→ Items listed in a dataset:
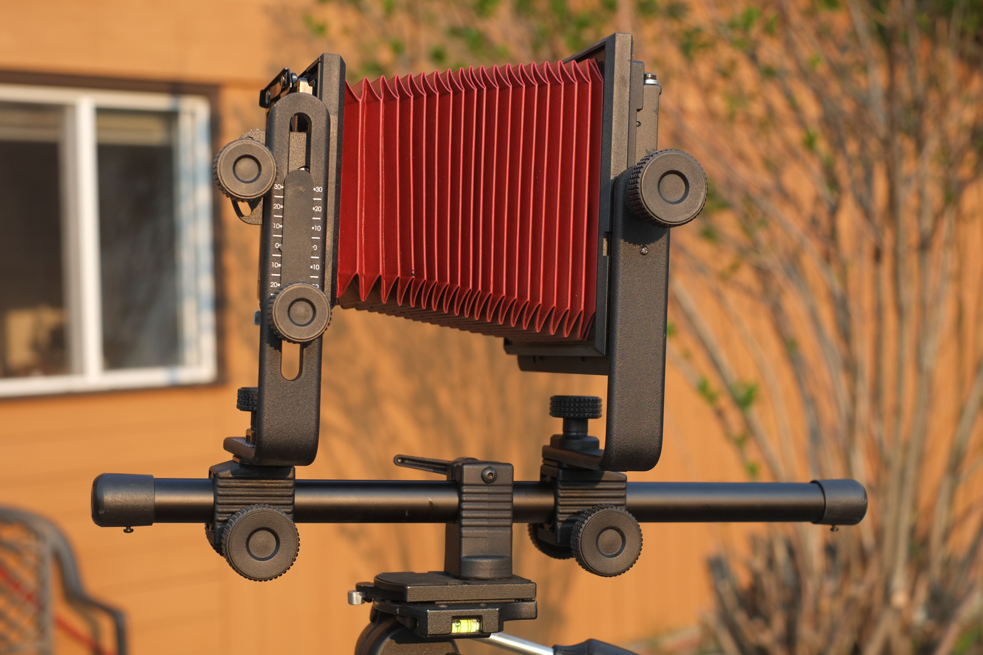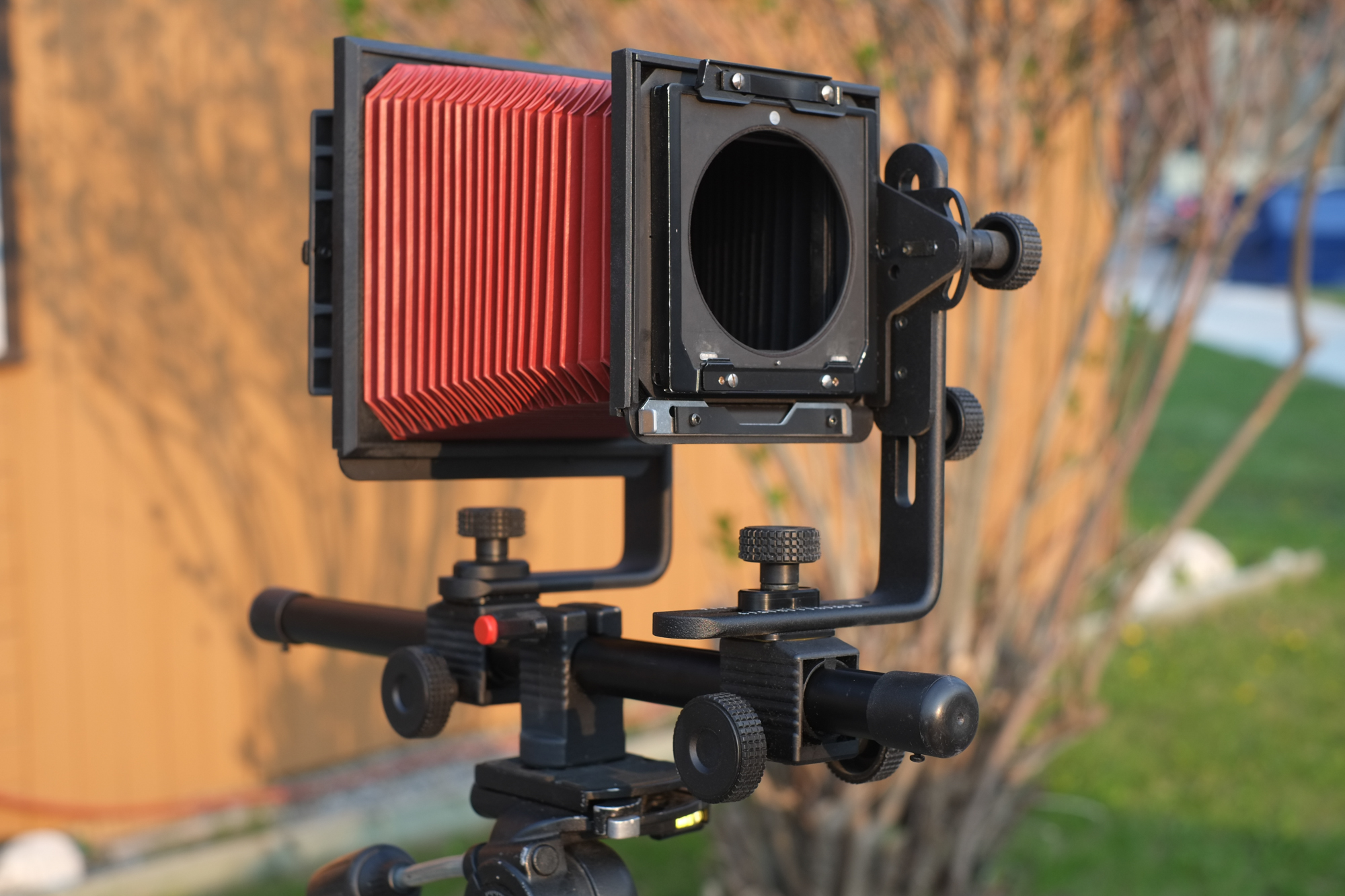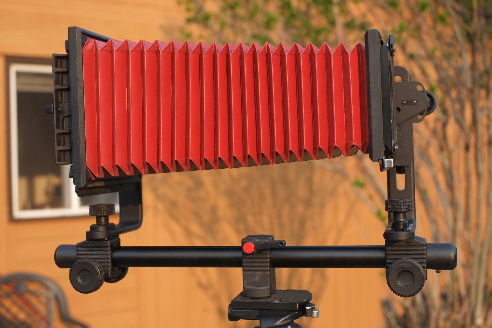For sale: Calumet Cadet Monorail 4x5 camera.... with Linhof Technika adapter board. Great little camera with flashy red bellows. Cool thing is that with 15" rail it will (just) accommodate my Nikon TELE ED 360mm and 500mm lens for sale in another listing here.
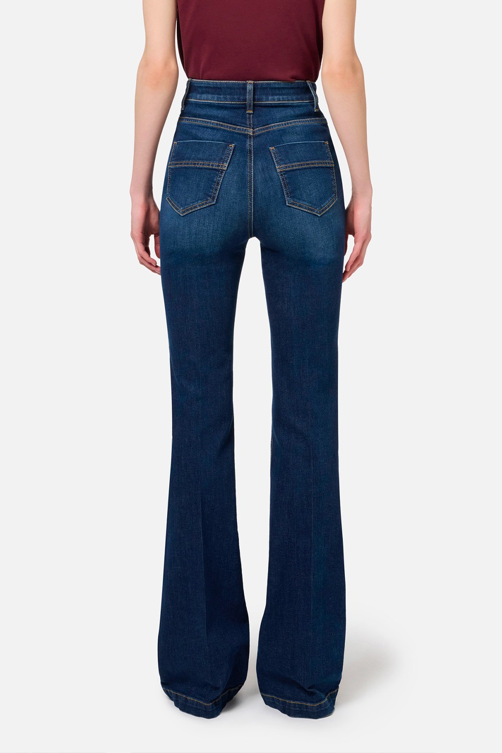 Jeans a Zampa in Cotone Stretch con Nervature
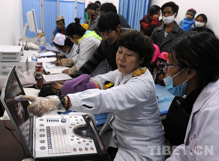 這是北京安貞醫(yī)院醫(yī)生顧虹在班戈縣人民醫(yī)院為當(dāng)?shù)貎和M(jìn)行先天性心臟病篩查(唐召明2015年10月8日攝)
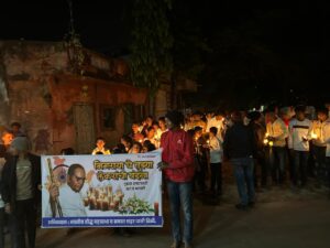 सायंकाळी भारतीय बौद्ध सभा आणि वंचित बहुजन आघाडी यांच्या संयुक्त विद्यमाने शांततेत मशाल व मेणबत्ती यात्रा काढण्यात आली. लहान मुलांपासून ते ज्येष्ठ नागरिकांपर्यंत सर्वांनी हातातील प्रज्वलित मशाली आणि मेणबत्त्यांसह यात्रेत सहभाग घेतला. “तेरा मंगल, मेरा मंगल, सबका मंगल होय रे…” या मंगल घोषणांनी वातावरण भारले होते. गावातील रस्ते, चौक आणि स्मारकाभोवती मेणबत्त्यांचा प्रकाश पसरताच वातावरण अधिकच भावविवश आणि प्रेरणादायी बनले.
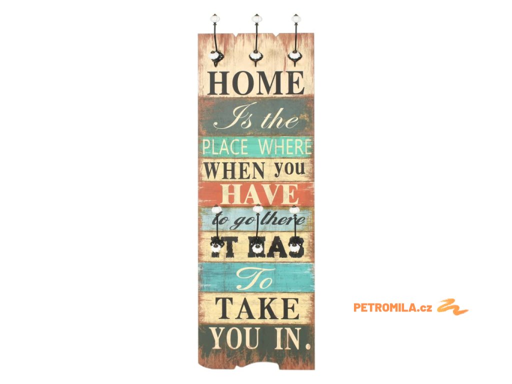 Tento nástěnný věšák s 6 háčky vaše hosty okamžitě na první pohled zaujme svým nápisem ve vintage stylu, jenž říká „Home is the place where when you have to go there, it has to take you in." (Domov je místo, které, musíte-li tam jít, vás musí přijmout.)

→ Task brief: Beginning with the first line of the records, write out every line up to and including the one with "這是北京安貞醫(yī)院醫(yī)生顧虹", exactly, and omit all pictures.

→ Expected answer:
For sale: Calumet Cadet Monorail 4x5 camera.... with Linhof Technika adapter board. Great little camera with flashy red bellows. Cool thing is that with 15" rail it will (just) accommodate my Nikon TELE ED 360mm and 500mm lens for sale in another listing here.
 Jeans a Zampa in Cotone Stretch con Nervature
 這是北京安貞醫(yī)院醫(yī)生顧虹在班戈縣人民醫(yī)院為當(dāng)?shù)貎和M(jìn)行先天性心臟病篩查(唐召明2015年10月8日攝)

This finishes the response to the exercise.